Interest in Joliet Terminal

In connection with the closing of the first portion of Lightfoot’s Proposed Transaction in December 2017, we acquired a 1.8% ownership interest in Zenith Energy Terminals Joliet Holdings, LLC (“Joliet Terminal”) for $3.3 million, which is included within other assets, net, on our condensed consolidated balance sheets as of March 31, 2018 and December 31, 2017. Our investment in Joliet Terminal is classified as a nonmarketable equity security without a readily determinable fair value and is recorded at cost, less impairment, if any, in accordance with the accounting guidance measurement alternative.  If an observable event occurs, we would estimate the fair value of our investment based on Level 2 inputs that could be derived from observable price changes of similar securities adjusted for insignificant differences in rights and obligations and the changes in value would be recorded in other revenues, net on our condensed consolidated statement of operations.

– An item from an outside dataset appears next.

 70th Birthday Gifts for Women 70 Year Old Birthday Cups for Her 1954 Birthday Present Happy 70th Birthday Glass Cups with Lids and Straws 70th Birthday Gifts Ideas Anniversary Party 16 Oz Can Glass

Interest in Osprey Sponsor

At March 31, 2018, we have a membership interest in Osprey Sponsor, which is the sponsor of Osprey. We received our membership interest in recognition of potential utilization, if any, of our office space, advisory services and personnel by Osprey. On July 26, 2017, Osprey, for which certain of our executives, namely Jonathan Cohen, Edward Cohen and Daniel Herz, serve as CEO, Executive Chairman and President, respectively, consummated its initial public offering. Osprey was formed for the purpose of acquiring, through a merger, capital stock exchange, asset acquisition, stock purchase, reorganization, or other similar business transaction, one or more operating businesses or assets. The initial public offering, including the overallotment exercised by the underwriters, generated net proceeds of $275 million through the issuance of 27.5 million units, which were contributed to a trust account and are intended to be applied generally toward consummating a business combination. Our membership interest in Osprey Sponsor is an allocation of 1,250,000 founder shares, consisting of 1,250,000 shares of Class B common stock of Osprey that are automatically convertible into Class A common stock of Osprey upon the consummation of a business combination on a one-for-one basis. Additionally, another 125,000 founder shares have been allocated to our employees other than Messrs. Cohen, Cohen and Herz.

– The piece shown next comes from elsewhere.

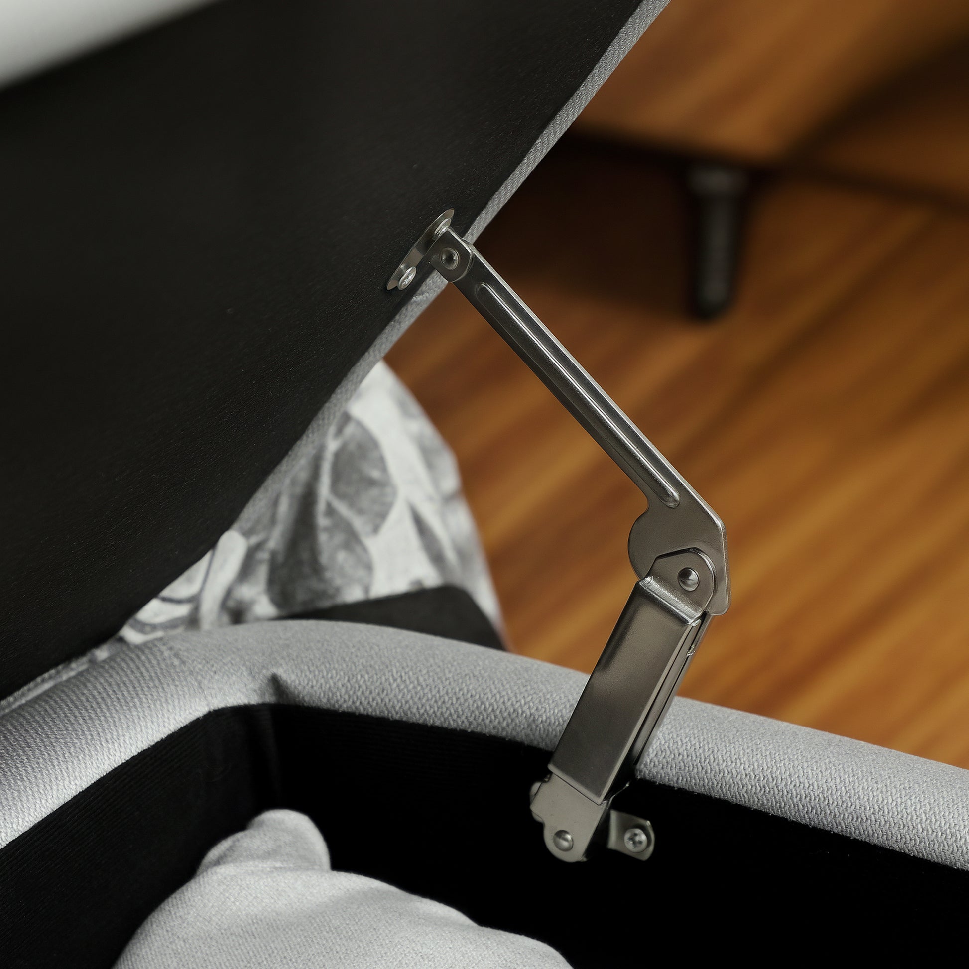 Storage Ottoman Bench, Linen-feel Footstool with Steel Legs, Grey

Pursuant to the Osprey Sponsor limited liability company agreement, owners of the founder shares agree to (i) vote their shares in favor of approving a business combination, (ii) waive their redemption rights in connection with the consummation of a business combination, and (iii) waive their rights to liquidating distributions from the trust account if Osprey fails to consummate a business combination. In addition, Osprey Sponsor has agreed to not to transfer, assign or sell any of the founder shares until the earlier of (i) one year after the date of the consummation of a business combination, or (ii) the date on which the last sales price of Osprey’s common stock equals or exceeds $12.00 per share (as adjusted for stock splits, stock dividends, reorganizations and recapitalizations) for any 20 trading days within any 30-trading day period commencing 150 days after a business combination, or earlier, in each case, if subsequent to a business combination, Osprey consummates a subsequent liquidation, merger, stock exchange, reorganization or other similar transaction which results in all of Osprey’s stockholders having the right to exchange their common stock for cash, securities or other property.

 

On June 4, 2018, Osprey entered into a definitive agreement to acquire the assets of Royal Resources (“Royal”), an entity owned by funds managed by Blackstone Energy Partners and Blackstone Capital Partners (“Blackstone”), (the “Business Combination”). The acquired Royal assets represent the entirety of Blackstone’s mineral interests in the Eagle Ford Shale. The combined company will be named Falcon Minerals Corporation and will be led by Osprey’s management teamBlackstone will retain a significant ownership stake at closing representing approximately 47% of outstanding common stock. Under the terms of the Business Combination, the obligations of the parties to consummate the transactions are subject to a number of customary conditions, including, among others, the receipt of required approvals of Osprey’s stockholders of the Business Combination. We will recognize the fair value of our investment in Osprey upon closing of the Business Combination and conversion of our Osprey Sponsor founder shares into Class A shares of Osprey.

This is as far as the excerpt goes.